The Smitten Kitchen Cookbook: Inspired Recipes for Hard-to-Inspire Cooks (That's Me)
Molly Dunn really needs to stop writing about cookbooks, because I'm going broke and gaining weight. That goes for you, too, Patrise Shuttlesworth! Photos by Christina Uticone Not only are the photos by Christina Uticone, SO IS THE FOOD.
I was browsing the shelves at Brazos Bookstore less than two weeks ago, and mentioned to manager Jeremy Ellis how much I had enjoyed the cookbook Plenty, which I picked up after Patrise recommended it here on EOW.
"Have you seen The Smitten Kitchen?" Jeremy asked, leading me over to a display. As I flipped through the pages, Jeremy mentioned that one thing that really sets The Smitten Kitchen apart is what a great read it is -- SOLD.
Since purchasing the book 13 days ago, I have been reading it during between conference calls. I brought it to the gym. I baked a cake on a Monday, and then baked the same cake all over again the next Friday, after we had finished the first one.
To say that I am obsessed is an understatement.
I am not a confident cook, although I am leaps and bounds ahead of where I was just a few years ago. Part of the problem is that I started cooking so late in life, and part of the problem is my type-A personality, which causes me to panic and hyperventilate at the thought of not following a recipe exactly. Kitchen improvisation is not my strong suit.Meatloaf Meatballs with Tomato Glaze. I managed to photograph ONE before they were gone.
The Smitten Kitchen is a cookbook written by home cook/blogger Deb Perelman, who developed all of her recipes in a teeny-tiny New York City kitchen.
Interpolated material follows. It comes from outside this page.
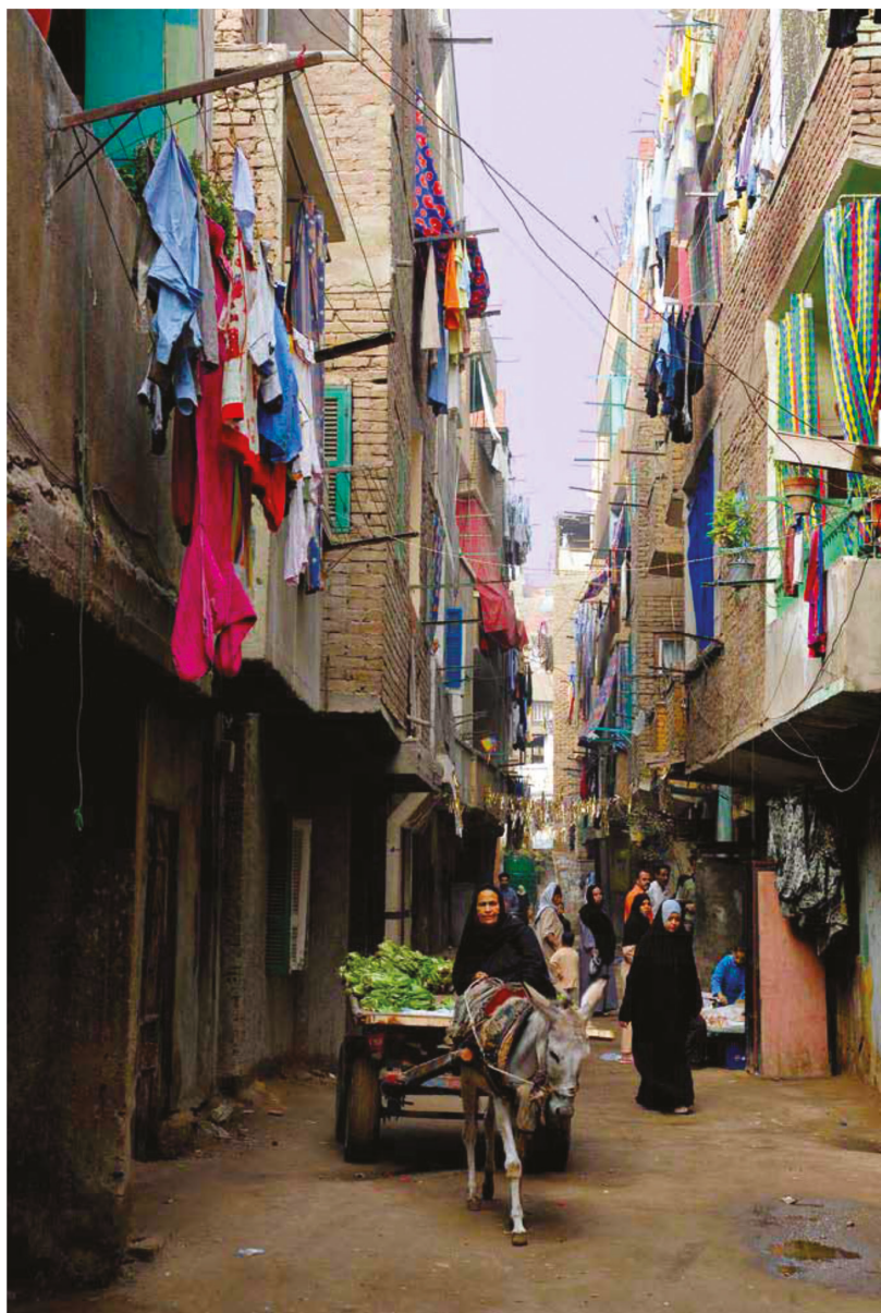
Rue étroite, densité, faible trafic, quartier de Boulaq el-Zahrou, Le Caire

ces quartiers à une moins bonne protection juridique et financière.

Her writing is warm and inviting, lightly self-deprecating, and full of stories about her own recipe substitution hits and misses. Perelman's stories have given me (or at least encouraged) a certain level of confidence in myself I didn't possess before. It doesn't hurt that so many of her recipes include ingredients we regularly keep on hand, and that she includes common substitutions in the footnotes.
The chapters include: Breakfast, Salads, Sandwiches/Tarts/Pizzas, Main Dish (Vegetarian & Meat Eaters), Sweets (cookies, pies, etc.), and Party Snacks & Drinks. Her recipes are set up in paragraph form rather than bullet points, which some Amazon reviewers didn't like but I didn't mind at all. What I really love about the book, though, are the chapters on measurements (including a conversion guide, HOLLA!), her tips, and her assessment on stocking a kitchen with gear and gadgets. She works in a small space, so her choices and reasoning are interesting -- even if you have room for a zillion appliances, it's still very informative.